Миша умолк; я чувствую – не заговорит больше. Сопит, трогает пальцем свой крупный, чуть приплюснутый нос или начнет разглядывать черные крапинки металлической стружки в ладонях. «Металл, он такой въедливый, – сказал Миша однажды, – за всю войну так и не вылез из кожи». Или начнет теребить свой короткий косо подстриженный чуб, челкой спадающий на лоб. И ни слова. Такой он человек. Начнет рассказывать, тут же и хватится – не слишком ли много наговорил. И замолчит.

Леня Кедубец рассказывал

«…Однажды, юноша, вы не узнаете Мишу. А почему? Он станет рассказывать вам свои сны. Не прерываясь, не уставая, не отвлекаясь, простите за этот каламбур. Миша скажет за свой цех. Миша всегда думает за свой цех, за свой родной Сталинград. Вы не поверите, что с ним произошло в Новороссийске. Жабы драпанули и побросали всего пропасть. Они бросили ящики, а в ящиках – станки. С нами воевал Олег Грищенко – безобидный человек. Олег стал сбивать со станков какую-то железяку, на черта она ему была нужна. Вы бы видели шрам на лице у Миши. Он стал черным от злобы. Миша чуть не убил Олега – псих. Миша говорил Олегу такие слова, что ни боже мой. Он сам себя поставил вахтенным у тех станков. Слава богу, что их увезли».

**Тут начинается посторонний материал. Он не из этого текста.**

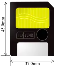 The SmartMedia format was launched in the summer of 1995 to compete with the MiniCard, CompactFlash, and PC Card formats. Although memory cards are nowadays associated with digital cameras, digital audio players, PDAs, and similar devices, SmartMedia was pitched as a successor to the computer floppy disk. Indeed, the format was originally named Solid State Floppy Disk Card (SSFDC), and the physical design resembles a miniature 3.5" floppy disk.[1] The SSFDC forum, a consortium aiming to promote SSFDC as an industry standard, was founded in April 1996, consisting of 37 initial members.[2]

У Леонида такое выражение глаз, как будто они всегда смеются. Мне кажется, что выражение это не исчезает у него даже во сне. Просто он прикрывает глаза веками, когда спит.

«Вы встречались с Гегелем, юноша, нет? Я тоже. Но я знаю Мишу. Миша мыслитель, юноша, и я не знаю, что у него на ума».

Когда Леонид говорит, его не остановит даже случайный выстрел, так мне кажется.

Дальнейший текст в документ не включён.